TAKE AWAY: Will this album change your life? Not likely but it is great listening and a wholely enjoyable way to spend a few bucks on an album For the record you can buy several of the charts from this album to play with your own group.

Adam Schroeder – A Handful Of Stars (2010)

Baritone Saxophone,  Adam Schroeder – A Handful Of Stars (2010)

There is a pensive moment, just after you hit play on your music player, as you wait for the first note from the soloist on that new CD. You wait as the rhythm section sets the scene and builds up to the moment when the soloist must speak. It is at that moment that I am most nervous. My mind races with 2 thoughts over  my decision to purchase this album.  It is not until the soloist takes their first breath into the album that I can rest easier.  For this album the first note Is the most important. Adam Schroeder’s first note sets the stage for the magic that follows.
Some in the saxophone web-o-sphere, *cough* saxontheweb *cough* have claimed that Yamaha horns are sterile sounding. That because they were born from a land of ritualized perfection, mathematical accuracy, and eastern craftsmanship that they lack soul or more specifically a uniquely Yamaha sound. Well Adam Schroeder puts that fallacy to rest with this album. His tone is his his to do with what he will and he does. At times it’s gritty and and at others butter smooth. Schroeder plays throughout his entire range without ever needing to reach for altissimo or ignore the nether regions of his low horn. At first I thought he might be playing it safe but when you listen closely you hear that he places tone and style above sonic tightrope walking and ultra-fast licks. 
This is one of those albums I wish I had heard when I was starting out on baritone saxophone. Schroeder and his group compliment each other superbly. Each instrument lends a tonal character which compliments the others while still maintaining their unique voices. It is an exercise in sensitivity, awareness, and mutual musical respect. There is no better example of mutual respect than the pairing than bari sax and upright bass on the duet “Just A-Sittin’ and A-Rockin'”. The two wind and weave lines into and round each other 3 minutes and 45 seconds of calm yet edge of your seat listening. 
This is a straight ahead jazz album with masterful playing and an attention to detail which deserves to be heard.  This album feels nostalgic and comfortable yet still has a fresh vibe that makes it stand out on the shelf.
TAKE AWAY:  Why don’t you own this album? Because until now you didn’t know about it. But now that you do, go get it. This album may not change your outlook on playing but it will give you a smile you can’t get any other way than with from a passionate musician sharing his love.

The Brian Landrus Quartet – Traverse (2011)
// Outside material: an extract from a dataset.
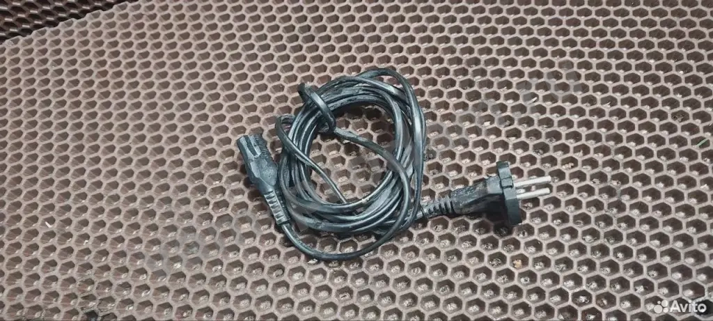 Кабель питания под плоский штепсель, для старой техники. Слегка обтёсан, работоспособность не подтверждена. Проверить не на чем.

Brian Landrus Quartet – Traverse

When I think of a sensual saxophone tone my first thoughts lean towards the sultry tenor playing a bluesy piece in  smoke filled club as people drink hard liquor and snap their fingers. Sure it’s cliched but until I heard this album I was pretty comfortable with that vision. After listening to Brain Landrus’ amazing sensitivity I knew that I would have to expand my vision to include the baritone as a “saxually” capable instrument.

In keeping with my love of unique voices and tone I have to lead this review with a discussion of tone, and what a tone it is. His baritone tone is close up and intimate. It lacks the strong projection and distinct buzz easily identified with more modern setups. In fact I was so sure that he was playing a Otto Link that I had to visit his website to confirm. Wouldn’t you know, yes he does play several Links. Personally I have always loved the compact and centered, though somewhat stuffy, tone links bring to the baritone sax.

For a great example of spectrum of Landrus’s tone listen to  “Soul and Body”. This unaccompanied solo takes the listener on a journey. Visiting advanced techniques like multiphonics, split tones, subtones, and wide dynamic ranges. Landrus did this while still making the entire experience moving and musical. The piece is placed just ahead of “Body and Soul” on the album and adds another dimension to that oft recorded tune just by being in proximity.

Also on auditory display  is Landrus on bass clarinet. I’ll admit that outside of Bob Mintzer, I have very little listening experience to bass clarinets in jazz. With that in mind feel free to take this and anything else I say with a grain of salt. With the disclaimer stated I will say that his ability to tell a story is equal on bass clarinet as it is on the baritone saxophone. Landrus displays fantastic control and expressiveness. The way Landrus presents the bass clarinet makes it feel like the brother to the baritone saxophone and not like a gimmick. The two tones compliment without showing the other up.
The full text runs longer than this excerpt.